In Defense of Jewish Nationalism

By Wolfe, Robert | Midstream, Spring 2012 | Go to article overview

In Defense of Jewish Nationalism


Wolfe, Robert, Midstream


Hardly anyone uses the term, 'Jewish nationalism," nowadays, yet it would not be difficult to identify various aspects of Jewish tradition and culture to which the term could legitimately be applied.

There is in the first place the teaching of the Jewish religion that the Jews were chosen by God to act as a "light unto the nations," transmitting to them knowledge of God's existence and wishes, until finally the whole earth will acknowledge God's sovereignty. There is also the Zionist teaching that we Jews are entitled to a nation state of our own on the territory of the ancient Land of Israel. And finally there is an amorphous cultural tradition which not only expresses a preference for Jewish cooking or a Jewish language or Jewish music but also asserts, in a somewhat defensive way, the superiority of Jews over non-Jews. Or as they used to say when I was a boy, "Jesus saves but Moses invests."

In the past, the term, "Jewish nationalism," was mostly used by Communists as an accusation intended to stigmatize Jewish socialists as not being sufficiently "internationalist" in their outlook. Ironically, once all the Jewish socialists had been killed in the Soviet Union, Soviet Jews were then routinely accused of being "rootless cosmopolitans." As for Zionism, which the Communists at one time had also seen as a form of "Jewish nationalism," Soviet antagonism to the State of Israel led to its redefinition as an imperialist enterprise whose association with Jewish national feeling was no longer emphasized. For these reasons, the Soviet use of the term, 'Jewish nationalism," as an accusation went out of style, but its lasting effect was to discourage use of the term by Jews who might otherwise have thought it an accurate description of their belief system.

Many Jews are also reluctant to call themselves "nationalists" because so many right wing antisemitic parties in Europe have used this term to describe themselves. Yet nationalism is not necessarily a right wing concept. Even the Communists felt that there was such a thing as "revolutionary nationalism," as typified by the National Liberation Front of Vietnam and similar movements elsewhere in the Third World. Indeed, for much of the 19th century, nationalism in Europe was generally identified with the left, starting with the French Revolution and continuing with the efforts of various subject nations in the Austrian and Russian empires to achieve national independence. Jewish nationalism can be shown to contain both right wing and left wing elements; the question is not where it belongs on the political spectrum but whether it is good for the Jews.

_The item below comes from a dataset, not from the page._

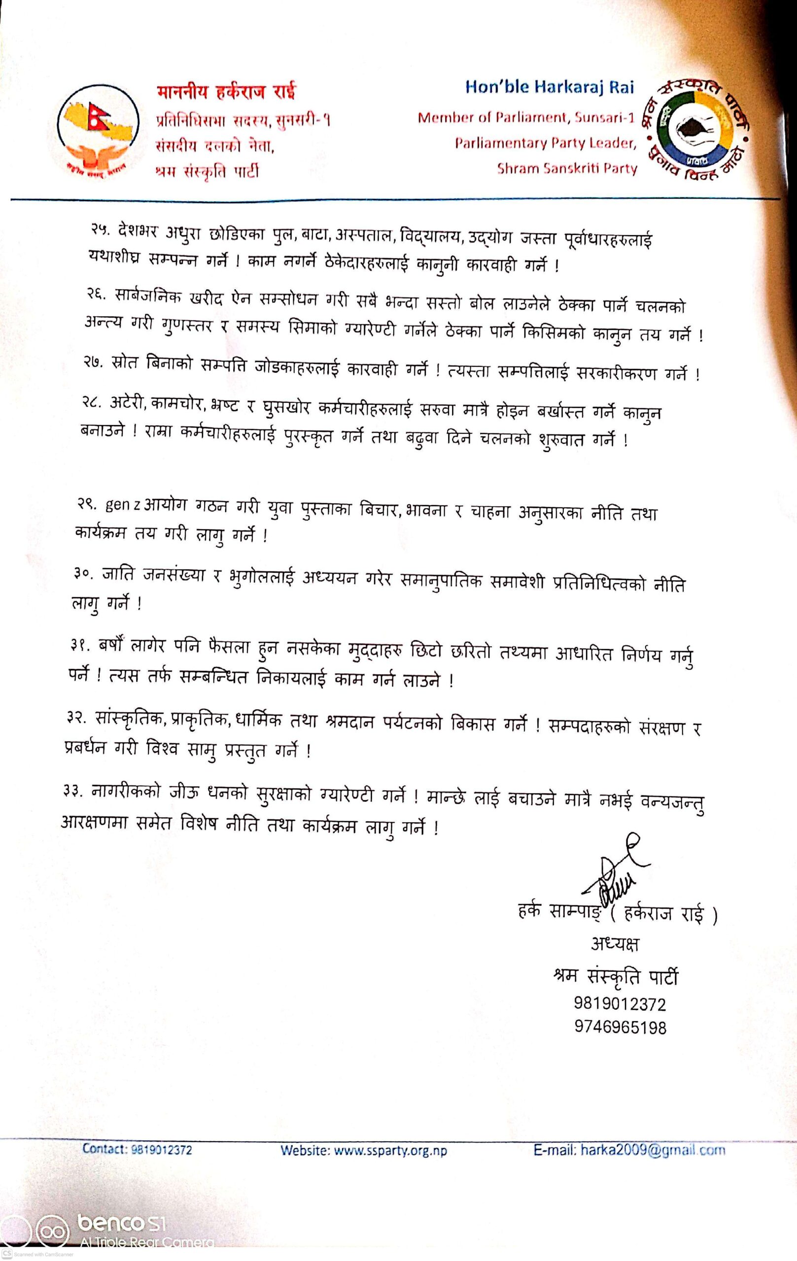 काठमाडौं । श्रम संस्कृति पार्टीका अध्यक्ष हर्क साम्पाङले सरकारलाई ३३ बुँदे सुझाव दिएका छन्। आज काठमाडौंमा पत्रकार सम्मेलन गरेर साम्पाङले सुझाव सार्वजनिक गरेका हुन् ।

Consider the actual situation of the Jewish people. Three of the dominant ideologies of the modern world--Christianity, Islam, and Marxism--are all derived to one extent or another from Jewish tradition. Yet all three of these ideologies convey an essentially negative view of the Jewish people in general and Jewish nationalism in particular. Moreover, all three have given rise to offshoots--specifically Nazism, Islamism and Stalinism--in which this negative view is carried to murderous, and in the case of the Nazis, genocidal extremes. Is there any other nation in human history that has been equally influential yet at the same time equally persecuted and despised? I don't think so. If it is revolutionary for an oppressed people to struggle against an imperialist ruler, what is the right word for the struggle of the Jewish people against a whole series of imperialist rulers, most of whom cloaked themselves in an ideology derived from Jewish tradition, the better to eliminate the Jews? One thing is for sure: anyone who believes in the concept of national self-determination ought to be a strong supporter of Jewish nationalism, which has upheld this concept for some 3000 years now in the face of genocidal opposition.

However, not all Jews are Jewish nationalists. There are many who feel uncomfortable with any form of nationalism.